Давид достиг цели. Поль неуклюже заерзал, как будто сидел на доске с гвоздями.

– Не хотел тебя обидеть, – пробормотал он.

– Не волнуйся, – успокоила его Анна. – Давид шутит. Он обожает ставить людей в неловкое положение.

По правде говоря, Давид хотел лишь, чтобы его оставили в покое, но то было не во вкусе Анны.

– Ты ведь шутишь, не так ли? – настаивала она. – Давай скажи ему…

– Ну да, шучу… – с тем же невозмутимым видом ответил Давид. – Дурака валяю. О суициде и речи быть не может, пока не пересплю со всем агентством «Элит», включая секретарш и уборщиц.

Давид забыл, что одно из главных качеств Анны заключалось в ее способности повергнуть человека в самые глубокие бездны отчаяния с помощью двух-трех фраз.

Она немедленно ему об этом напомнила.

– Хватит изображать из себя подростка-недоумка, Давид… И не переживай: с первой же волной разводов у тебя тоже появится шанс создать семью…

В воображении Давида возникла картина: ангельское личико Анны, обрамленное ореолом гемоглобина. Он добавил немного печали глазам, придал страдальческого выражения губам – все, готово. Неплохо… Более реалистично не вышло бы и у Мантеньи [17].

Словно прочтя его мысли, Анна изобразила притворное смущение:

– О, извини! Не хотела тебя огорчить…

Разумеется, она с превеликим удовольствием загнала бы его в пучину депрессии и радовалась бы каждый раз при виде его помрачневшего лица.

В последний Давид наблюдал эту довольную улыбку восемью годами ранее, Анна ушла от него без какого-либо предварительного уведомления. Шло к этому давно, но он, глупец, ничего не замечал. Тогда ему хотелось ее убить, он и сейчас не знал, как сумел не поддаться искушению.

Но самое худшее заключалось в том, что Анна, вероятно, и не была так уж виновата. Пять лет денно и нощно работал Давид над докторской по философии, но так и не пришел в своих исследованиях к какому-то значительному результату. Его научный руководитель выбросился из окна. Декан, то есть самый могущественный человек Сорбонны, ненавидел его и грозил раздавить, как букашку.

Изображать из себя оптимиста у него не было ни малейших оснований. Его краткосрочные профессиональные перспективы колебались в промежутке от туманных до ничтожных. Если ему вдруг удастся закончить диссертацию – чудеса порой случаются, – его ждет блестящее будущее ученого, живущего на пособие по безработице.

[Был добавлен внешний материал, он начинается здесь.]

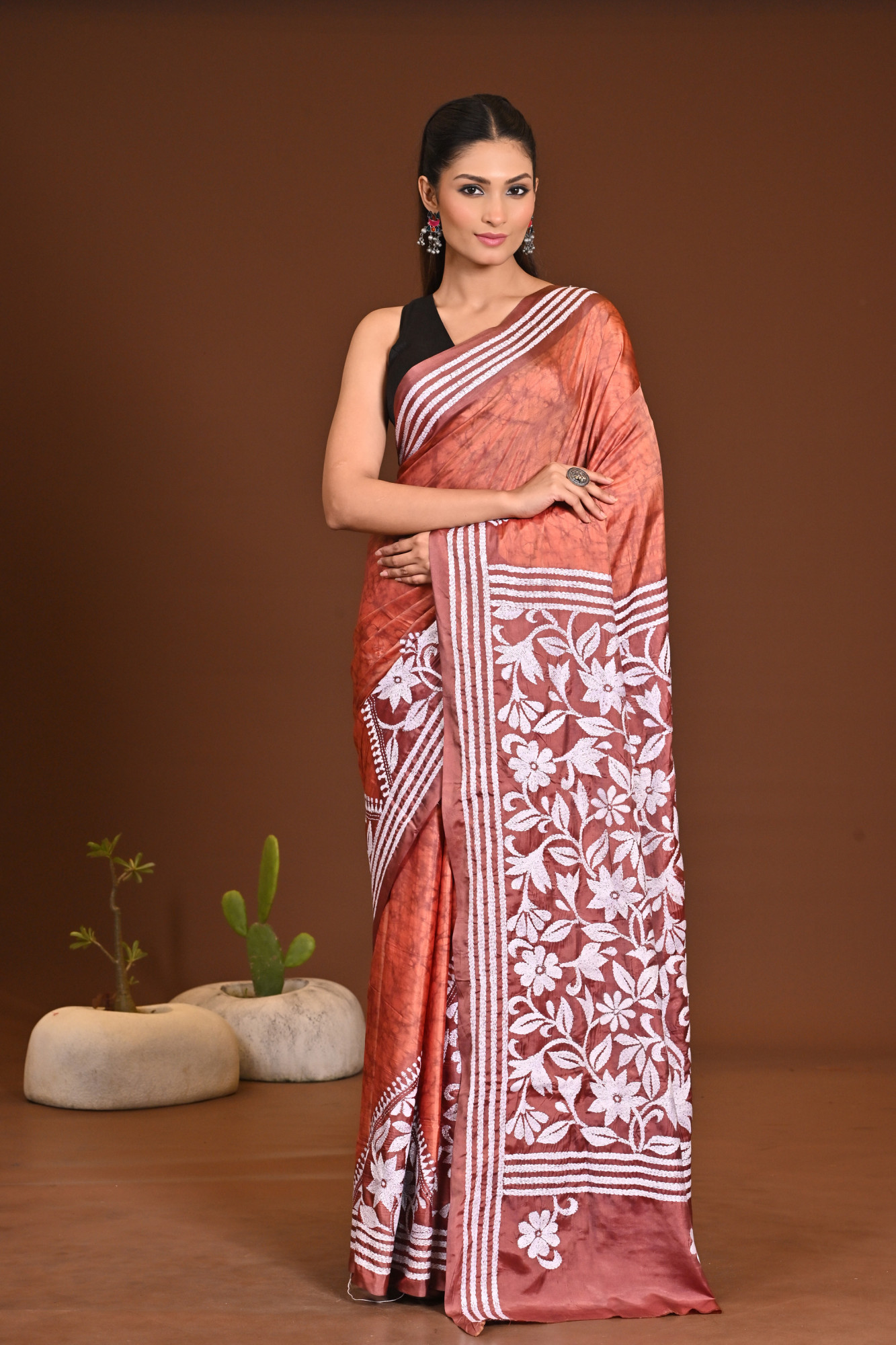 Zari : A blended silk Kantha saree is a traditional Indian saree crafted from a mix of silk and other fibers, adorned with Kantha embroidery—a hand-stitched technique originating from Bengal. These sarees are known for their lightweight drape, smooth texture, and intricate, often storytelling motifs stitched in fine running stitches. The blend of silk gives it a soft sheen and elegance, making it a perfect choice for both festive and casual occasions.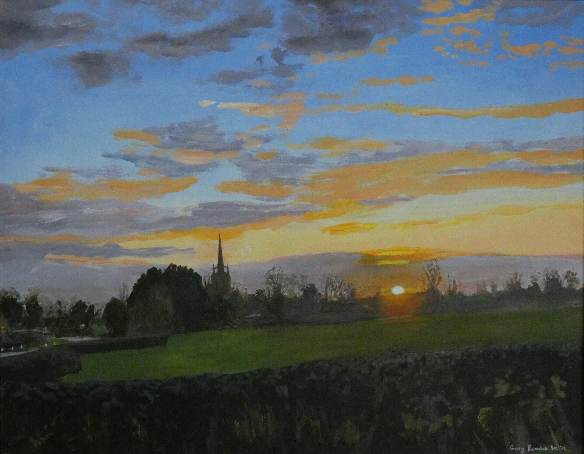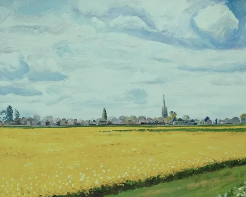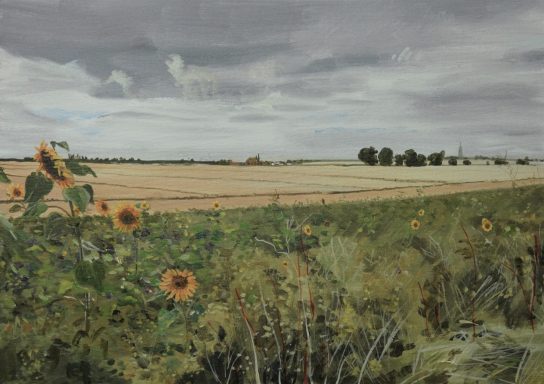 An acrylic study of the fen to the east of Helpringham village looking across the landscape past an area of sunflowers.

А пока, в ожидании этой многообещающей участи, он главным образом выживал благодаря одной небольшой подработке, которая состояла главным образом в ходьбе по бесконечным коридорам, поиске книг на запыленных полках и выслушивании наставлений сварливых начальничков, получивших возможность отыграться на нем за тридцать лет профессиональной скуки. Зарплату – если это вообще можно было назвать зарплатой – Давид получал столь маленькую, что ему каждую неделю звонили из банка, требуя покрыть недостающую сумму задолженности.

По принципу системы сообщающихся сосудов Давид обращался тогда к родителям. Периодически они играли в одну и ту же игру: Давид звонил матери с мольбами о помощи, та изображала колебания, заявляла, что нужно переговорить с отцом, и вешала трубку, сетуя на гнусного отпрыска, посланного ей Богом.

На следующее утро по почте приходил чек, и Давид, униженный и пристыженный – ему, наверное, было бы легче пользоваться деньгами, полученными от наркотрафика, – торопился с ним в банк. Он считал для себя долгом чести забывать поблагодарить спасителей до последнего дня следующего месяца, когда очередной ультиматум банка вынуждал его вновь набирать их номер.

Давид размышлял о трудностях интеграции в безжалостное общество потребления суперквалифицированных тридцатилетних мужчин, когда Поль предложил пойти выпить аперитива. Они переместились за стол гостиной, на котором уже стояли стаканы, полупустая бутылка «мартини» и тарелка с быстрозамороженными закусками. Воспользовавшись паузой, Анна вновь ринулась в атаку:

– Ты не можешь так больше жить, Давид. Ты должен действовать.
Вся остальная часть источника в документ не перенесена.